(Task objective) Print exactly the lines below between the line containing "48,左右占者,中宜遜 以左右為主的字,中間宜小。如;弼、辯、衍、仰" and the line containing "С внутренней стороны кольца", counting both of those lines. Leave pictures out.

(Extracted data)
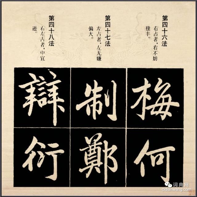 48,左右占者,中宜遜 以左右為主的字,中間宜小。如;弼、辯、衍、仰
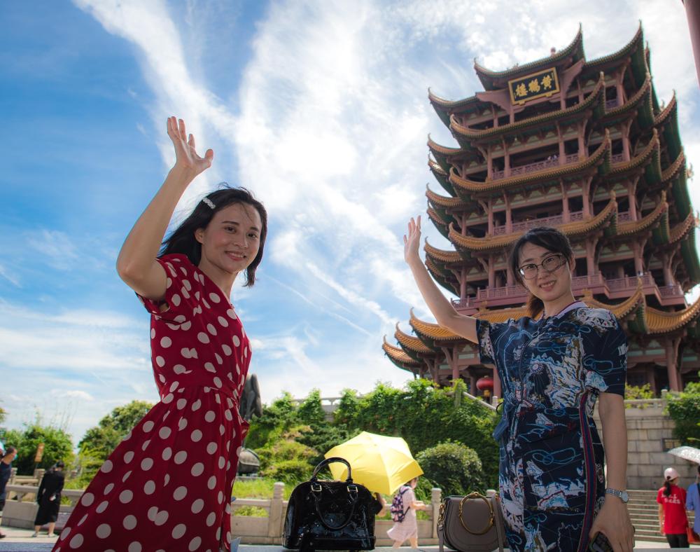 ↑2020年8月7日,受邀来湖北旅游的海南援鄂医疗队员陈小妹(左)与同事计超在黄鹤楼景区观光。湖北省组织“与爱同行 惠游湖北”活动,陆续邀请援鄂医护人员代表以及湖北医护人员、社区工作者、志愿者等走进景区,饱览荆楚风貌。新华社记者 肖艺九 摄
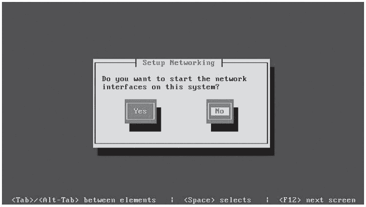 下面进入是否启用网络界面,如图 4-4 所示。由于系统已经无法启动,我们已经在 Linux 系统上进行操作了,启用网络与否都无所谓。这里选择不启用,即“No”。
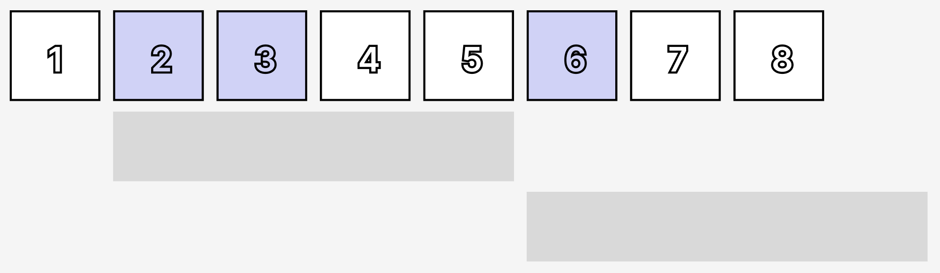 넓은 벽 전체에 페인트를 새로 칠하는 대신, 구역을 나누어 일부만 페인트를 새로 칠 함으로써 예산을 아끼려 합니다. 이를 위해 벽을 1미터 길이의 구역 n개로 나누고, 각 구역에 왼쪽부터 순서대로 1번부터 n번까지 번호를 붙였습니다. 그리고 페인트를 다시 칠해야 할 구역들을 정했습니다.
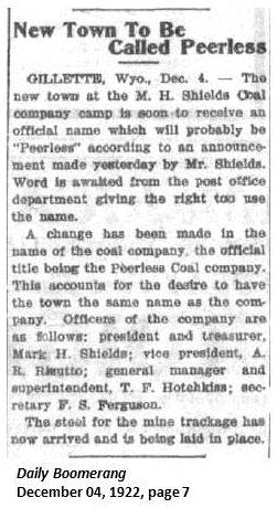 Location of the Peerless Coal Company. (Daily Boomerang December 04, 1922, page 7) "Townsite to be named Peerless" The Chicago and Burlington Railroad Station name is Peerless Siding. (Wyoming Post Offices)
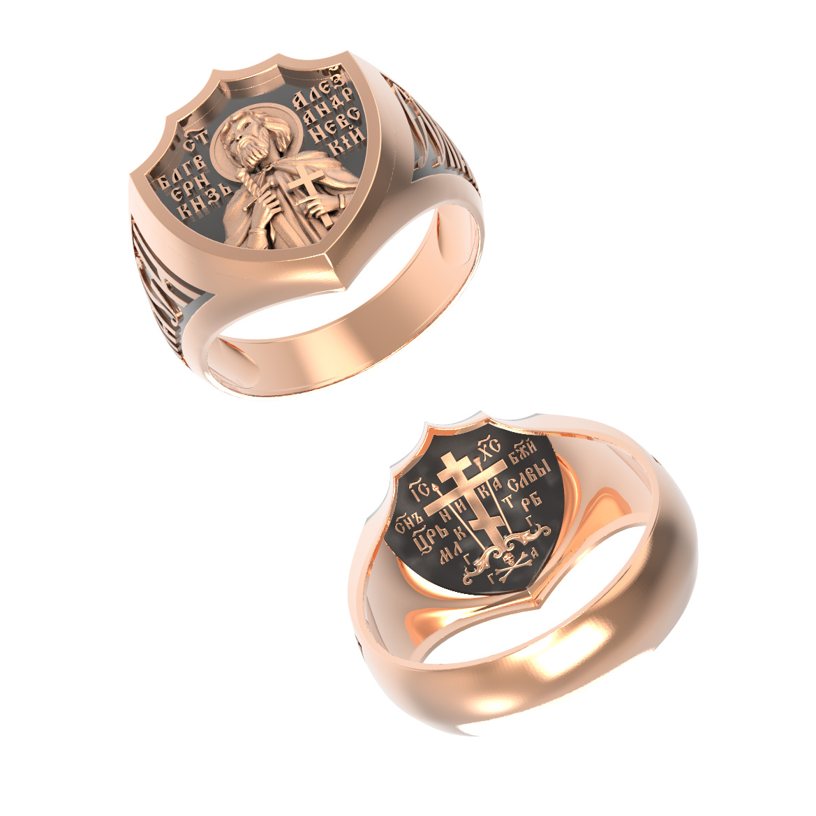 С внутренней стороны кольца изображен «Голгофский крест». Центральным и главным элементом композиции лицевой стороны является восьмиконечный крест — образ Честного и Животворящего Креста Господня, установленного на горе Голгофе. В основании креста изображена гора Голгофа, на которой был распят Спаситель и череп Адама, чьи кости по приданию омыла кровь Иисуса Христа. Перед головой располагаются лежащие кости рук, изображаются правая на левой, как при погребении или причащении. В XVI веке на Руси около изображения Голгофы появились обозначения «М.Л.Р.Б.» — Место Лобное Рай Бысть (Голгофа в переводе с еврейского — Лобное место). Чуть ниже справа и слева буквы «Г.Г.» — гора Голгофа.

...

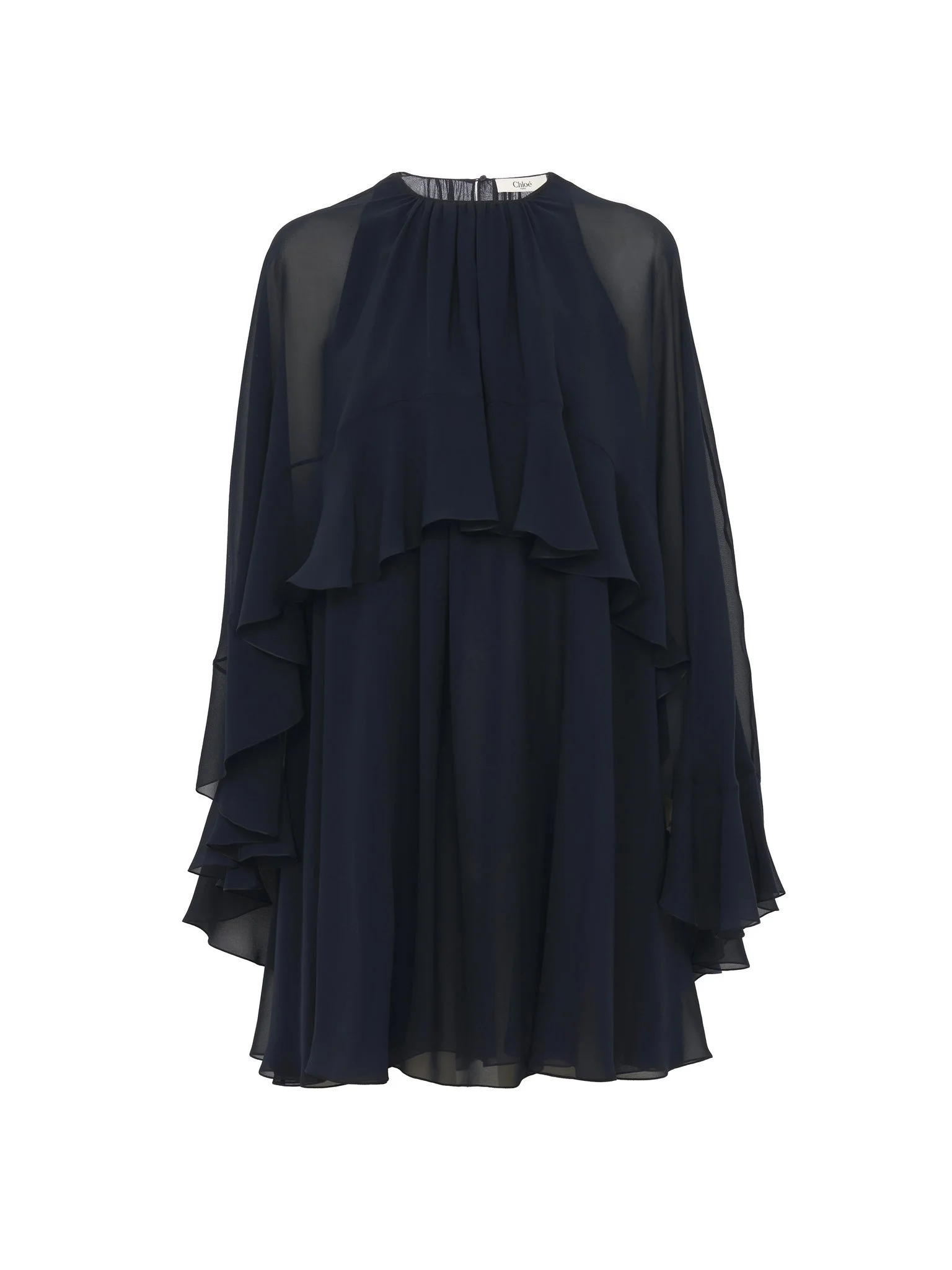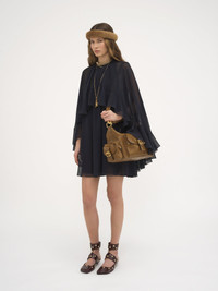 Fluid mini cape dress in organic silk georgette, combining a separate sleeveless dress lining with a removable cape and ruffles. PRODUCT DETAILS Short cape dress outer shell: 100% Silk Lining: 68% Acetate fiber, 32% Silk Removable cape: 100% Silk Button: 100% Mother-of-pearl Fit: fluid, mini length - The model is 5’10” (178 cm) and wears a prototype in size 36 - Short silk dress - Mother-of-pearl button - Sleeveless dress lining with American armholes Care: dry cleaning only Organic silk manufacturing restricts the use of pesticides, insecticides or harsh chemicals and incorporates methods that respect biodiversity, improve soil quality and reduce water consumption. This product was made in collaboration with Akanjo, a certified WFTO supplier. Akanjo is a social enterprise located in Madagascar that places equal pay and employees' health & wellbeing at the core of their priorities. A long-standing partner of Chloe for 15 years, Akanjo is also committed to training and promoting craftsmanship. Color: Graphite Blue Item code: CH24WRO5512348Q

--

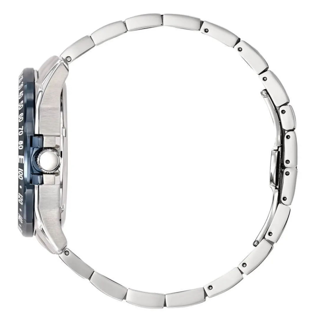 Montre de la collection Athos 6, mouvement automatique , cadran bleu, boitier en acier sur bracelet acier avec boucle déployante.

(Completed exercise)
 48,左右占者,中宜遜 以左右為主的字,中間宜小。如;弼、辯、衍、仰
 ↑2020年8月7日,受邀来湖北旅游的海南援鄂医疗队员陈小妹(左)与同事计超在黄鹤楼景区观光。湖北省组织“与爱同行 惠游湖北”活动,陆续邀请援鄂医护人员代表以及湖北医护人员、社区工作者、志愿者等走进景区,饱览荆楚风貌。新华社记者 肖艺九 摄
 下面进入是否启用网络界面,如图 4-4 所示。由于系统已经无法启动,我们已经在 Linux 系统上进行操作了,启用网络与否都无所谓。这里选择不启用,即“No”。
 넓은 벽 전체에 페인트를 새로 칠하는 대신, 구역을 나누어 일부만 페인트를 새로 칠 함으로써 예산을 아끼려 합니다. 이를 위해 벽을 1미터 길이의 구역 n개로 나누고, 각 구역에 왼쪽부터 순서대로 1번부터 n번까지 번호를 붙였습니다. 그리고 페인트를 다시 칠해야 할 구역들을 정했습니다.
 Location of the Peerless Coal Company. (Daily Boomerang December 04, 1922, page 7) "Townsite to be named Peerless" The Chicago and Burlington Railroad Station name is Peerless Siding. (Wyoming Post Offices)
 С внутренней стороны кольца изображен «Голгофский крест». Центральным и главным элементом композиции лицевой стороны является восьмиконечный крест — образ Честного и Животворящего Креста Господня, установленного на горе Голгофе. В основании креста изображена гора Голгофа, на которой был распят Спаситель и череп Адама, чьи кости по приданию омыла кровь Иисуса Христа. Перед головой располагаются лежащие кости рук, изображаются правая на левой, как при погребении или причащении. В XVI веке на Руси около изображения Голгофы появились обозначения «М.Л.Р.Б.» — Место Лобное Рай Бысть (Голгофа в переводе с еврейского — Лобное место). Чуть ниже справа и слева буквы «Г.Г.» — гора Голгофа.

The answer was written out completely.